If $A=\begin{bmatrix} 1 & 1 & 1 \\ 1 & 1 & 1 \\ 1 & 1 & 1 \end{bmatrix}$,prove that $A^{n}=\begin{bmatrix} 3^{n-1} & 3^{n-1} & 3^{n-1} \\ 3^{n-1} & 3^{n-1} & 3^{n-1} \\ 3^{n-1} & 3^{n-1} & 3^{n-1} \end{bmatrix}$ for all $n \in N$.

(N/A) Given $A=\begin{bmatrix} 1 & 1 & 1 \\ 1 & 1 & 1 \\ 1 & 1 & 1 \end{bmatrix}$.
We need to prove $P(n): A^{n}=\begin{bmatrix} 3^{n-1} & 3^{n-1} & 3^{n-1} \\ 3^{n-1} & 3^{n-1} & 3^{n-1} \\ 3^{n-1} & 3^{n-1} & 3^{n-1} \end{bmatrix}$ for all $n \in N$ using the principle of mathematical induction.
Step $1$: For $n=1$,$A^{1} = \begin{bmatrix} 3^{1-1} & 3^{1-1} & 3^{1-1} \\ 3^{1-1} & 3^{1-1} & 3^{1-1} \\ 3^{1-1} & 3^{1-1} & 3^{1-1} \end{bmatrix} = \begin{bmatrix} 3^{0} & 3^{0} & 3^{0} \\ 3^{0} & 3^{0} & 3^{0} \\ 3^{0} & 3^{0} & 3^{0} \end{bmatrix} = \begin{bmatrix} 1 & 1 & 1 \\ 1 & 1 & 1 \\ 1 & 1 & 1 \end{bmatrix} = A$. Thus,$P(1)$ is true.
Step $2$: Assume $P(k)$ is true for some $k \in N$,i.e.,$A^{k} = \begin{bmatrix} 3^{k-1} & 3^{k-1} & 3^{k-1} \\ 3^{k-1} & 3^{k-1} & 3^{k-1} \\ 3^{k-1} & 3^{k-1} & 3^{k-1} \end{bmatrix}$.
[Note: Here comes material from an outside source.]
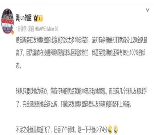 媒体人:感觉杨瀚森在G联赛没有太多可总结,比赛游刃有余得分上20全队最高,而且他还刚刚跟随开拓者从金州回到波特兰,我甚至觉得他都还没有100%发力。只要球队以他为核心就可以展示策应的优点,而且几个队友球商跟不上还连续吐饼。

Step $3$: We show $P(k+1)$ is true.
$A^{k+1} = A \cdot A^{k} = \begin{bmatrix} 1 & 1 & 1 \\ 1 & 1 & 1 \\ 1 & 1 & 1 \end{bmatrix} \begin{bmatrix} 3^{k-1} & 3^{k-1} & 3^{k-1} \\ 3^{k-1} & 3^{k-1} & 3^{k-1} \\ 3^{k-1} & 3^{k-1} & 3^{k-1} \end{bmatrix}$.
Performing matrix multiplication,each element of the resulting matrix is $(1 \cdot 3^{k-1} + 1 \cdot 3^{k-1} + 1 \cdot 3^{k-1}) = 3 \cdot 3^{k-1} = 3^{k} = 3^{(k+1)-1}$.
Thus,$A^{k+1} = \begin{bmatrix} 3^{(k+1)-1} & 3^{(k+1)-1} & 3^{(k+1)-1} \\ 3^{(k+1)-1} & 3^{(k+1)-1} & 3^{(k+1)-1} \\ 3^{(k+1)-1} & 3^{(k+1)-1} & 3^{(k+1)-1} \end{bmatrix}$.
Therefore,by the principle of mathematical induction,the result holds for all $n \in N$.